Üç tür besin vardır: SATTVİK, RAYASİK ve TAMASİK. SATTVİK besinler çiçeklerden, tahıllardan, meyvelerden ve AŞK denilen şeyden oluşur.

RAYASİK besinler güçlü, tutkulu, aşırı baharatlı, aşırı tuzlu, aşırı tatlı vb.‘dir.

TAMASİK besinler gerçekte kan ve kırmızı etten oluşur, AŞK yoktur, satın alınır ve satılır veya kibir, gurur ve kibirle sunulur.

Yaşamak için gerekeni yiyin, ne çok az ne de çok fazla, saf su için, yiyecekleri kutsayın.

BAŞAK, DÜNYANIN BAKİRE ANNESİNİN zodyak işaretidir, MERKÜR’ün evidir, mineralleri JASPİS ve ZÜMRÜT’tür.

Uygulamada, BAŞAK yerlilerinin ne yazık ki aşırı mantıklı, normalin ötesinde ve doğası gereği şüpheci olduklarını doğrulayabildik.

Akıl, zeka çok gereklidir, ancak yörüngesinden çıktığında zararlı olur.

BAŞAK yerlileri bilim, Psikiyatri, tıp, doğacılık, laboratuvar, pedagoji vb., vb., vb. için uygundur.

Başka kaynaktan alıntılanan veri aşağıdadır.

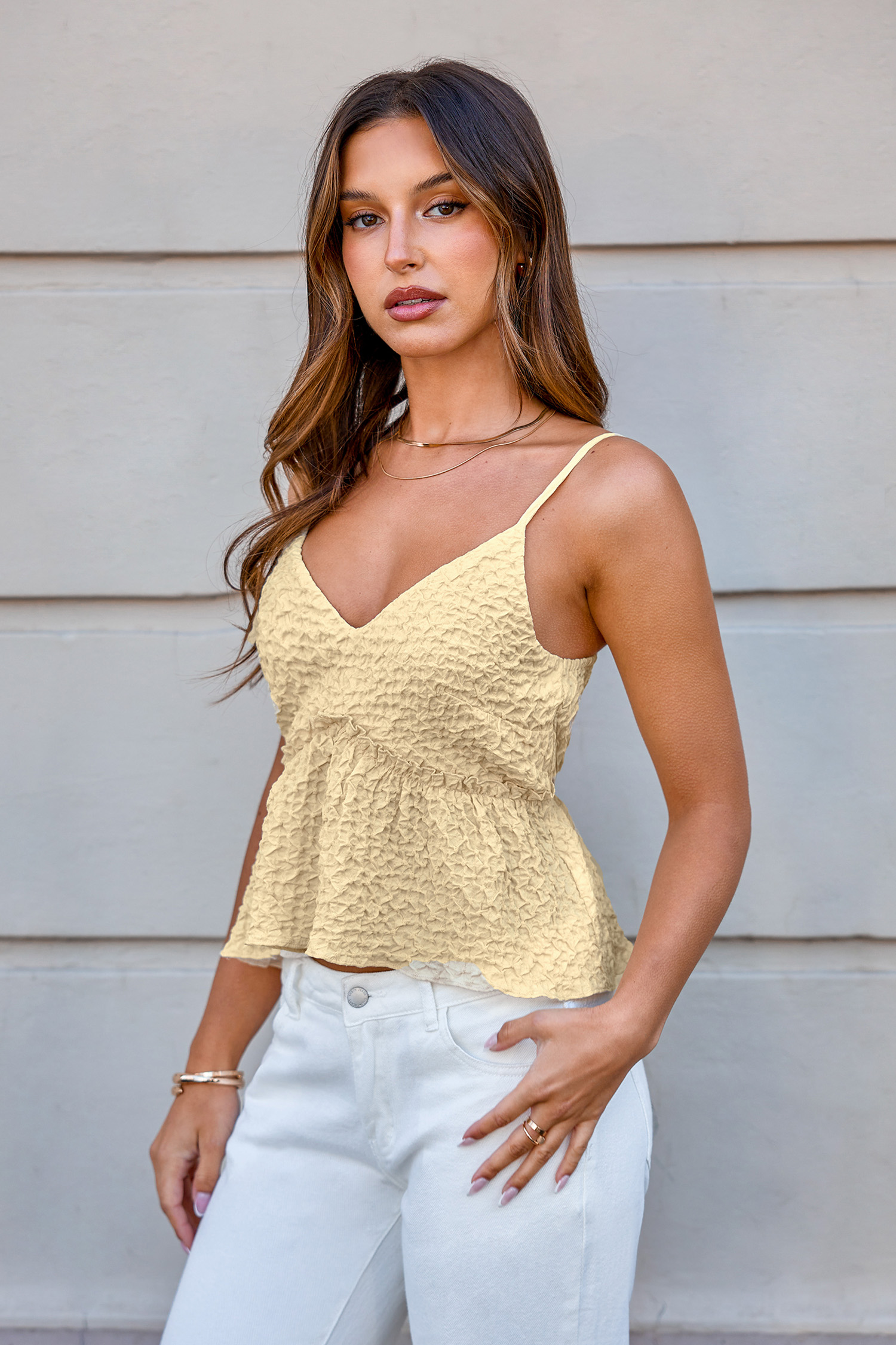 HomeYellow Textured V-Neck Cropped Cami
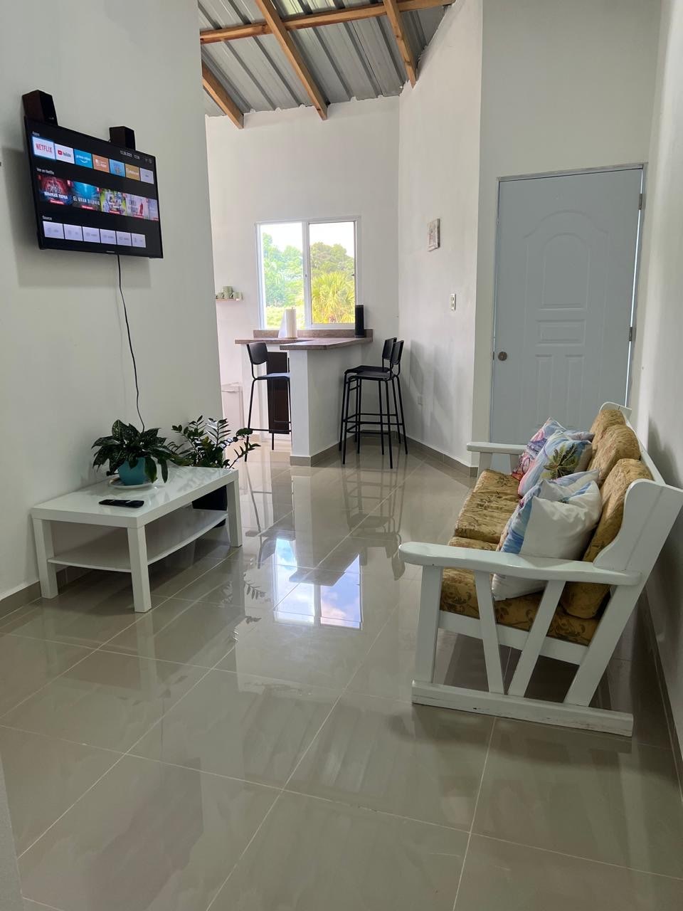 Lindo apartamento ubicado en la parte alta de la ciudad, con dos cómodas habitaciones cada una con su aire acondicionado y 2 lámpara de abanico de techó, 1 baño moderno con agua caliente, cocina con todo sus accesorios, tv de 40 pulgada, YouTube Premium y Netflix, un ambiente tranquilo y seguro para que te sientas como en tu casa.
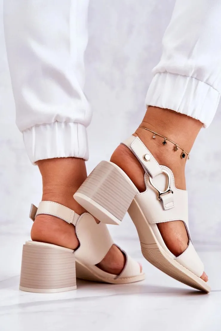 Sandały z odkrytym noskiem i piętą. Osadzone na masywnym słupku. Wykonane z wysokiej jakości eko skóry. Model wsuwany z paseczkiem na gumce, który pozwoli na odpowiednie dopasowanie obuwia. Miękka wkładka została wykonana z naturalnej skóry. Sandały są bardzo komfortowe w użytkowaniu. Styl i fason pasuje do wielu stylizacji. Podeszwa wykonana z tworzywa sztucznego. Ten model powinien znaleźć się w szafie każdej kobiety! Przy wyborze rozmiaru prosimy sugerować się tabelą rozmiarów.
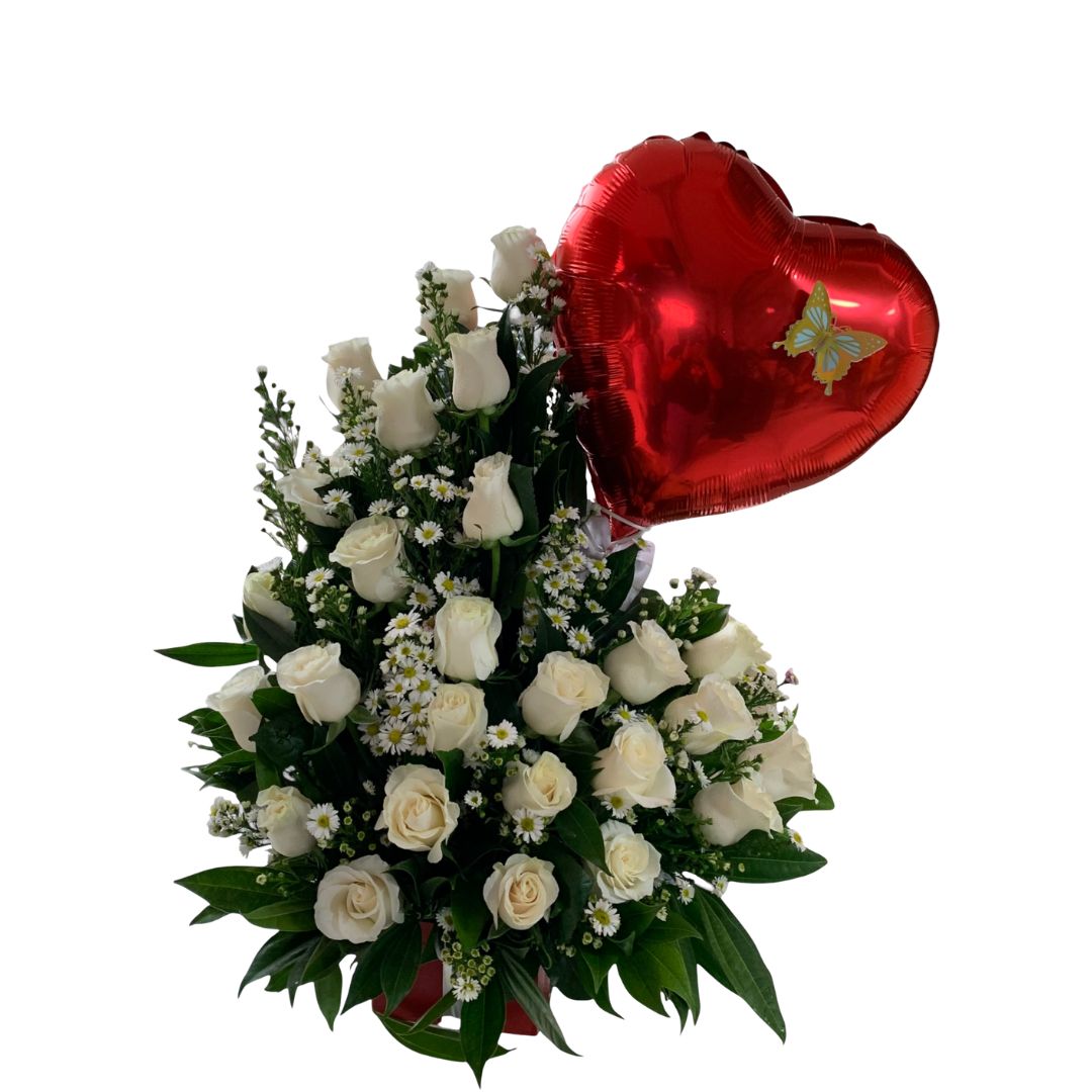Arreglo en media luna con rosas blancas y globo metalizado. Elegante, delicado y lleno de significado.

BAŞAK yerlileri BALIK insanlarıyla anlaşamazlar ve bu nedenle Balık burcundaki kişilerle evlenmekten kaçınmalarını tavsiye ederiz.

BAŞAK insanlarının en üzücü yanı, onları karakterize eden bu atalet ve şüpheciliktir. Ancak, bu gergin ataletin, deneyim yoluyla erişilebilir olduğu yere kadar, maddeden maneviyata geçme eğiliminde olduğunu bilmek ilginçtir.

BAŞAK’ın ELEŞTİREL-ANALİTİK yeteneği müthiştir ve bu burcun BÜYÜK DEHALARI arasında, maddi olanı, ataleti aşmayı ve yüksek bilimsel maneviyata girmeyi başaran GOETHE vardır.

Ancak, tüm BAŞAK yerlileri GOETHE değildir. Ortalamada, bu burcun vasatları arasında, MANEVİYAT kokan her şeyin düşmanı olan MADDİ ATEİSTLER bolca bulunur.

ORTALAMA BAŞAK insanlarının BENMERKEZCİLİĞİ çok gülünç ve iğrenç bir şeydir, ancak BAŞAK GOETHE’leri dahi, son derece özgecil ve derinden çıkarcı değildir.

BAŞAK yerlileri aşkta acı çekerler ve VENÜS, aşk gezegeni BAŞAK’ta sürgünde olduğu için büyük hayal kırıklıkları yaşarlar.